Despite the widespread use of repeated contractions to increase the strength of very weak muscles, there is little evidence to show that this is effective. Interestingly, interventions such as body-weight supported treadmill training and robotic gait training, also involve repeated contractions of very weak muscles, albeit during cyclic movement of the legs [20]. A recent review of this literature [5] did not find any evidence to indicate that any type of gait training programmes involving repeated contractions increased strength although there was some suggestion that robotic gait training improved strength more than overground gait training [21, 22]. These results may in part reflect a low number of studies and insufficient participants to detect a treatment effect. Nonetheless, we need a better understanding of whether repeated contractions per se increase strength particularly given the evidence in stroke and brain injury suggesting that this training stimulus is effective [23].

Therefore, the primary aim of this study was to determine the effect of 10,000 voluntary contractions over 8 weeks on the strength of very weak muscles in people with SCI. For this purpose, we compared repeated voluntary contractions and usual care with usual care alone. We chose 10,000 contractions because this equated to 200 contractions a day over 8 weeks, and this was as much as we thought could be reasonably expected of people with SCI (and the therapists administering the treatment). We also looked at the effect of this intervention on participants’ perceptions of change in strength, participants’ perceptions of change in function, and therapists’ predictions of final strength.

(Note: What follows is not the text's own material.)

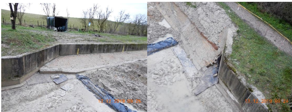
The ends of the mooring wall blocks and the Towpath bank.

Following on from this the bed mat was rolled out, the main roll cut off and lifted away and the remaining “spare” bed mat carefully folded back for future use.

A multi-centre assessor blinded randomised controlled trial was conducted in seven SCI units. Four SCI units were in Australia and the remaining three were in Bangladesh, India and China. The first and last participants were randomised in February 2017 and December 2018, respectively. The start of recruitment at the seven SCI units was staggered with the last SCI unit commencing recruitment in April 2018. The trial was prospectively registered with the Australian and New Zealand Clinical Trials Registry (ACTRN12617000115336). All applicable institutional and governmental regulations concerning the ethical use of human volunteers were followed, and the study was approved through all appropriate ethics committees.

One hundred and twenty inpatients with recent SCI were recruited from a series of patients admitted to one of the included SCI units. Participants were included in the study if they had any type of SCI, had sustained their SCI within the preceding 6 months and had weakness (less than grade 3 strength but at least grade 1 strength on the standard six-point manual muscle test) in one of the following target muscle groups on one side of the body: elbow flexors or extensors, wrist flexors or extensors, knee flexors or extensors, ankle dorsiflexors or plantar flexors. Participants were required to be an inpatient of one of the participating SCI units for the duration of their involvement in the trial (i.e., ~9 weeks). If participants were likely to be discharged, they needed to live close to the hospital so they could continue to receive daily training as an outpatient. In addition, participants were included if they were 16 years or over and were free of any other neurological condition or injury. Participants were excluded if they had any condition that prevented testing or training of the target muscle, were unable to co-operate (e.g., a serious medical condition or cognitive impairment) or did not speak the local language sufficiently well to provide informed consent. If participants had more than one muscle group that fitted the inclusion criteria, the target muscle group was chosen prior to randomisation by the treating therapist in consultation with the participant.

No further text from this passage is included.